For a long time, most discussion of who will win the election has been dominated by pundits, who depend "heavily on qualitative impressions and hazy narratives," Dartmouth professor Brendan Nyhan writes at Columbia Journalism Review, "But as the audience for quantitative analysis of politics has grown" -- analysis like Silver's -- "the establishment analysts have become increasingly defensive about their status." You see that in articles like the one by Politico's Byers, who suggests that if Romney wins the election, Silver's career is toast. That seems to show a lack of understanding of the difference between analyzing the probability something will happen and predicting that for sure that thing will happen. A 25 percent chance of something happening is still a pretty solid chance. And Silver's model is actually one of the more conservative, Nyhan demonstrates in some handy charts, seen at left, comparing FiveThirtyEight to other models. "Whatever objection pundits or conservatives may have is with the state of the publicly available evidence or the way in which forecasters and betters translate that evidence into probabilities, not with Silver or his methods," Nyhan says.

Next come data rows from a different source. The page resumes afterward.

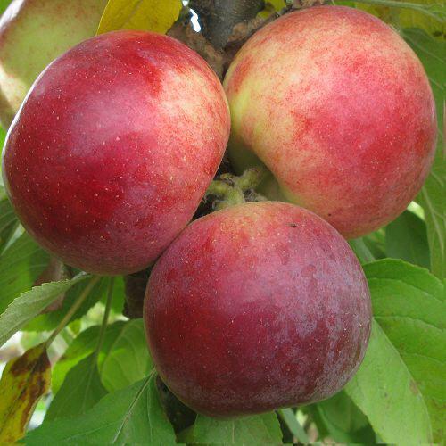 - Округлой формы, зелёного, с преобладающим красным покровом, цвета. Мякоть приятная и сочная, белого цвета;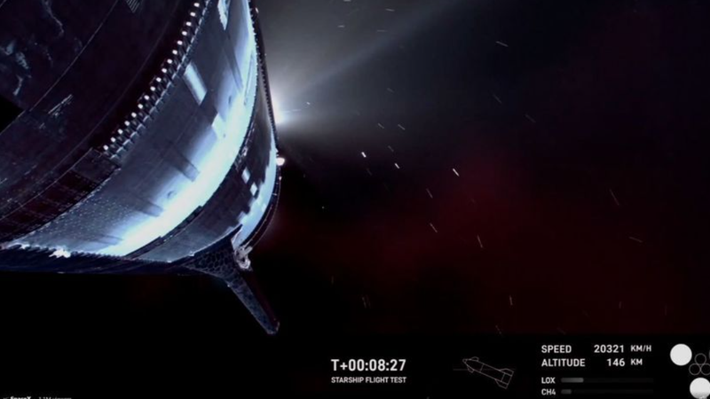 Mai multe videoclipuri de pe reţelele sociale au arătat resturi străbătând cerul în amurg, în apropiere de sudul Floridei şi de Bahamas, după dezintegrarea Starship în spaţiu, care a avut loc în timp ce, potrivit transmisiunii live, se prăbuşea necontrolat.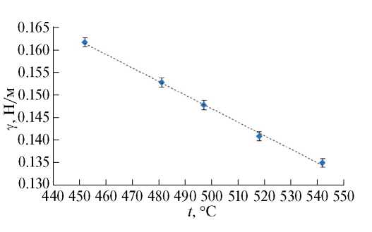 Рис. 5. Температурная зависимость поверхностного натяжения расплава стекла Ge28Sb12Se60.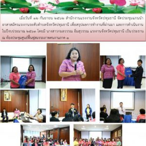สำนักงานแรงงานจังหวัดปทุมธานี จัดประชุมแกนนำอาสาสมัครแรงงานระดับตำบลจังหวัดปทุมธานี เพื่อสรุปผลการทำงานที่ผ่านมา และการดำเนินงานในปีงบประมาณ 2563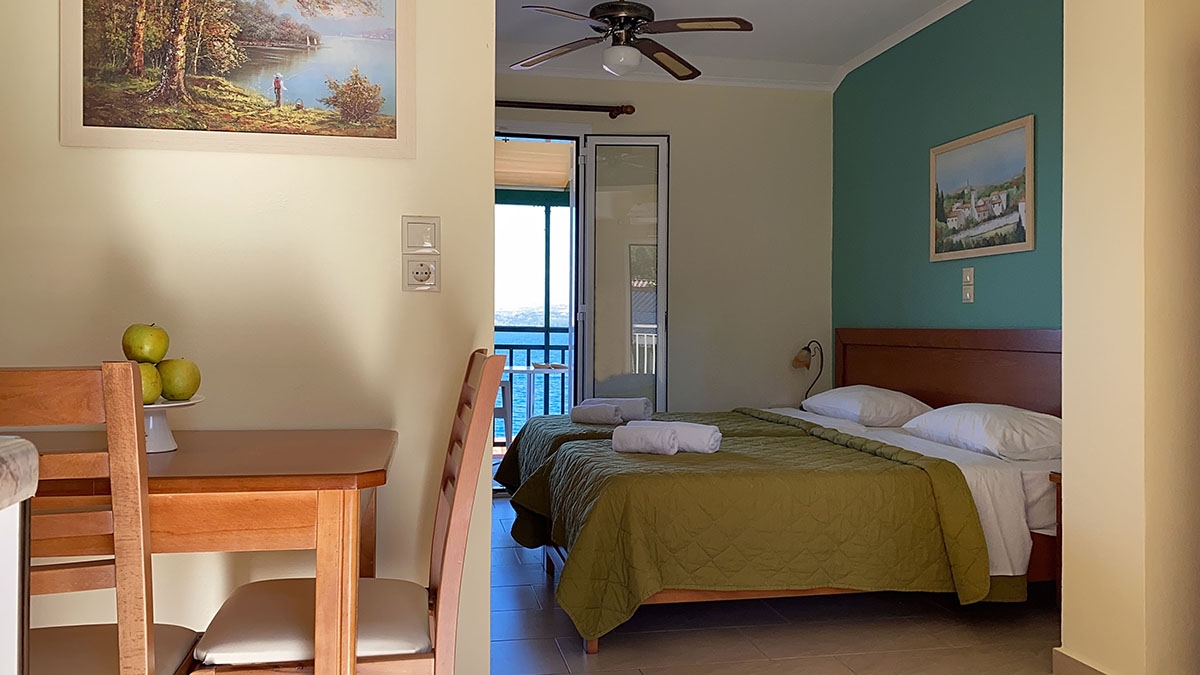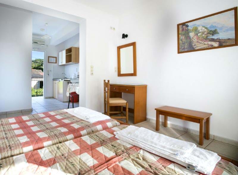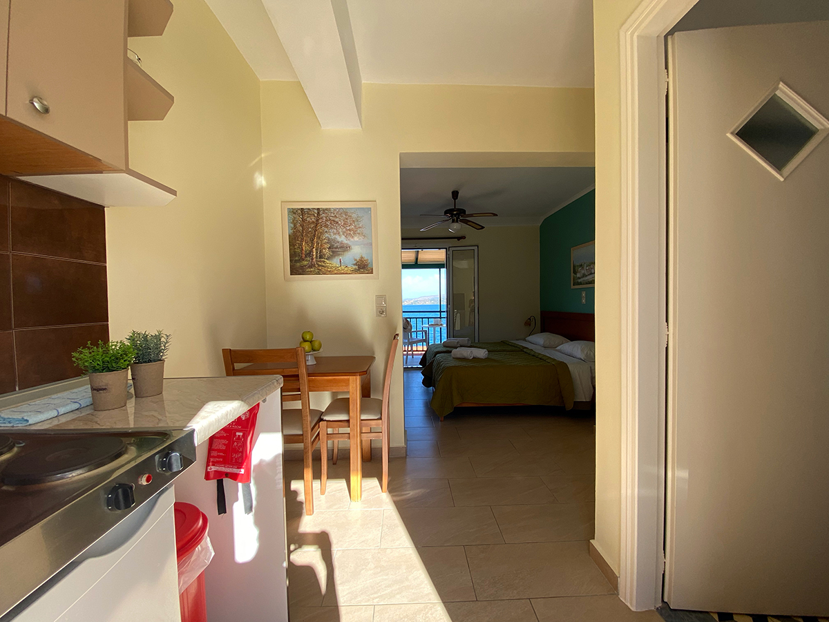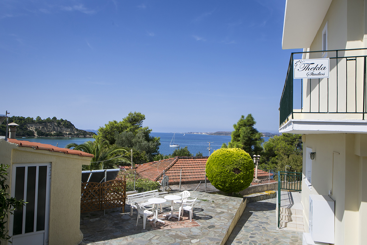 VILA THEKLA STUDIOS – Izbor prelepih plaža čeka goste u studijima Thekla Studios u Lassiju na Kefaloniji. U mirnom okruženju, nedaleko od glavnog puta i u blizini brojnih gradskih taverni, barova i prodavnica, studiji su udaljeni 50m od najbliže peščane / šljunkovite plaže. Zapanjujući pogled na more, posebno u svetlu veličanstvenih zalazaka sunca, dodaje romantičnu i opuštajuću atmosferu popularnosti Lassija kao destinacije. Objekat poseduje studije u prizemlju i na spratu. Studiji u prizemlju imaju terasu sa više svežeg vazduha – savršeno za odmor na grčkom ostrvu!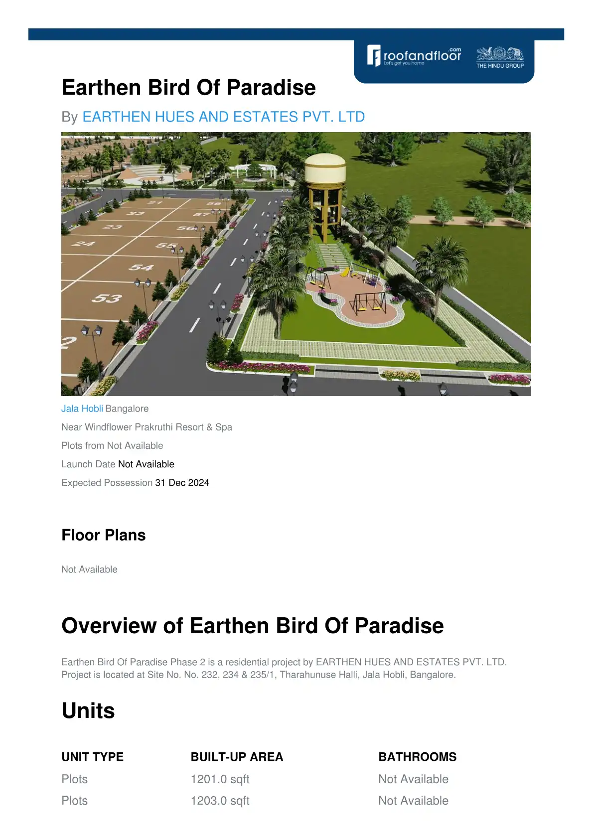 Earthen Bird Of Paradise Phase 2 is a residential project by EARTHEN HUES AND ESTATES PVT. LTD. Project is located at Site No. No. 232, 234 & 235/1, Tharahunuse Halli, Jala Hobli, Bangalore.
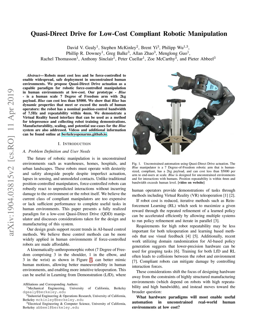 Robots must cost less and be force-controlled to enable widespread, safe deployment in unconstrained human environments. We propose Quasi-Direct Drive actuation as a capable paradigm for robotic force-controlled manipulation in human environments at low-cost. Our prototype - Blue - is a human scale 7 Degree of Freedom arm with 2kg payload. Blue can cost less than $5000. We show that Blue has dynamic properties that meet or exceed the needs of human operators: the robot has a nominal position-control bandwidth of 7.5Hz and repeatability within 4mm. We demonstrate a Virtual Reality based interface that can be used as a method for telepresence and collecting robot training demonstrations. Manufacturability, scaling, and potential use-cases for the Blue system are also addressed. Videos and additional information can be found online at berkeleyopenarms.github.io

It's worth noting that it's Politico's writers, as The Washington Post's Ezra Klein points out, who have made some of the most "downright weird" arguments for why Silver is wrong. For example, Politico’s Jonathan Martin tweeted, "Avert your gaze, liberals: Nate Silver admits he’s simply averaging public polls and there is no secret sauce." (The lack of "secret sauce" is not a bug, it's a feature.) Sure, you can criticize Silver for not making his proprietary model public, or for leaning too heavily on polls, or that he adds unnecessary factors, Klein says. But the idea that Silver is wrong because it shows Obama winning is silly. So do most other models. But it makes sense that "a lot of the odder critiques of Silvers have been coming out of Politico," Klein writes. He's a threat to horserace journalism, which Politico specializes in. So what seems like a debate over the value of Silver's work is really a debate over the value of Politico.